Heart symbolism goes beyond religious iconography and pop culture; it is imbued with experiential significance. But how to reconcile stories of heart disease and patients’ perceptions of their hearts with the more technical, anatomical and physiological dimensions of the organ? And why? These were the two fundamental questions underpinning a recent workshop exploring the possibility of a “narrative cardiology” (a tentative definition of a research and teaching area, itself explored during the event), which could help us find answers to these questions. The meeting (Figure 1) was held in Bristol at the Chocolate Factory, a creative space including artist studios in the city centre, and organised by the Bristol Heart Institute (GB) in collaboration with the Department of English (MV) of the University of Bristol with the support of the British Heart Foundation and under the auspices of the Centre for Health Humanities and Science (http://www.bristol.ac.uk/arts/research/centres/health-humanities-science/).
The workshop comprised a series of talks—addressing the experiential, philosophical, narrative, psychological, artistic, and medical dimensions of the topic—as well as hands-on activities. It was attended by thirty people from different academic or professional backgrounds, purposely incorporating a variety of voices and perspectives in this reflection, and giving them the possibility of exploring and engaging with The Heart of the Matter exhibition (www.insidetheheart.org) in the same venue. The Heart of the Matter is a public engagement project and an arts-and-science collaboration rooted in a participatory creative process, culminating in an art exhibition touring the United Kingdom in 2018.

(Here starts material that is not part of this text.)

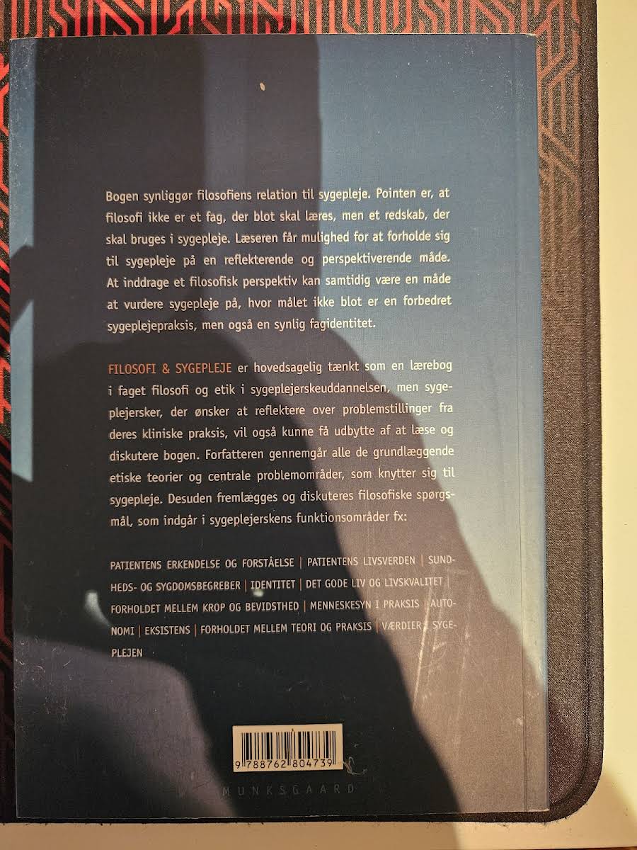 "Filosofi & sygepleje" udforsker, hvordan filosofiske perspektiver kan berige og udfordre den praktiske sygepleje. Bogen understreger, at filosofi ikke blot er et teoretisk fag, men et redskab, der aktivt kan anvendes i sygeplejepraksis. Med et solidt overblik over de grundlæggende etiske teorier og centrale problemstillinger inden for sygepleje, opfordres læseren til at reflektere over, hvad der præger den professionelle identitet. Forfatteren, Jacob Birkler, præsenterer en række væsentlige filosofiske og etiske emner, som blandt andet omhandler patientens livsverden, sundheds- og sygdomsbegreber samt forholdet mellem teori og praksis. Designet til at fungere som en lærebog i faget "Filosofi og etik" for sygeplejestuderende, rummer bogen også perspektiver, der er relevante for den erfarne sygeplejerske, der ønsker at opnå en dybere forståelse af sit fag. Udgivet i 2003 af Munksgaard og præsenteret i et håndgribeligt paperbackformat, giver "Filosofi & sygepleje" et inspirerende indblik i, hvordan filosofien kan forme og forny sygeplejeprofessionen.

The hands-on activities provided participants with a taster of narrative medicine training, tailored to the needs of contemporary cardiology. In small groups, facilitated by literature and medicine specialists (MV and Dr. Andrew Blades, University of Bristol), participants were invited to analyse poems on heart conditions by award-winning author Margaret Atwood and cardiologist-poet Joseph Gascho, to reflect on similarities and differences between patients’ and professionals’ perspectives, and to translate this attention to communication issues into practical suggestions for more effective clinical encounters. The perspective of the self was also taken into account, as participants had the opportunity to create a brief story about their own hearts during an embossing workshop (led by co-author artist SL), whereby participants were invited to incorporate imagery relating to themselves on an aluminium plate around a velvet stylised heart (Figure 2).
As summed up in a final reflection led by a cardiologist (CBD), the multifaceted nature of the meeting reflected well the multifaceted nature of the heart, with several clinical references. From Takotsubo cardiomyopathy with its emotional triggers to the long-life nature of congenital heart disease, from the idea of paediatric patients transitioning into adult care to the transformative nature of heart transplantation, patient experience and patients’ perception of their hearts cannot be separated from the concepts of anatomy, function, disease, and care, and their underpinning narrative structures.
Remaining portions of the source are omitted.